I know this will probably sound hackneyed, but-  my father was an extraordinary person.  As I wrote in a recent email to a few friends:  “He was a dedicated civil rights activist, civil liberties attorney, and relentless fighter for all things right (or left, but you get my point).  Any of you who knew him know that he was an amazing man, with an unwavering moral center, an uncompromising work ethic and an unshakeable love for his family and for the principles of a progressive democracy and free speech.“

My three boys, aged 17, 16 and 12, all adored Papa and understood fully that he was a unique individual who worked tirelessly for things he truly believed in.  This is a rare quality in a human being – to live and work without compromising one’s core principles – and they saw and clearly loved Papa for who he was.  And what an incredible example of a life well lived, one they could examine and embrace, and perhaps one day emulate.

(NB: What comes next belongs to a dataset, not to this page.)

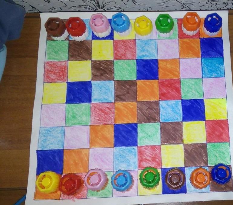 самодельные игрыПрочитав сегодня отзыв Ольги о Камисадо я решила порадовать своих любителей шахмат( это муж и старший сын). Участвовали в создании игры всей семьёй: муж чертил,старший сын помогал раскрашивать,младший раскидывал карандаши) Вот что у нас получилось

At the end, when it was clear Papa didn’t have much time left, I had each of our three boys write a letter to Papa.  “Write as if this is the last thing you ever get to say to him,” I told them, knowing that most likely, it would be.  At this point, my father was unable to communicate by phone.  Their letters were heartfelt, beautifully written, achingly honest.  I sent them express mail.

My dad didn’t get to read the letters.  He died peacefully in his sleep the night before they arrived.  He never got to hear what they contained – but, of course, he did know.

At my mom’s request, the older two boys, Jonah and Aaron, read their letters aloud at the funeral.  (When we asked Henry, 12, if he’d like to read his own letter, his eyes filled with tears and he said he just couldn’t do it.  I understood completely, for I couldn’t speak at the service either.)

Jonah (17) and Aaron (16), in their dark pants and shoes and pressed shirts, resembled men as they stood at the microphone on the bima.  This teenager-turned-man metamorphosis was one of the things that struck me at the time, along with their courage and poise.  My brother Josh, to my amazement and eternal gratitude, led the service.  He introduced the boys.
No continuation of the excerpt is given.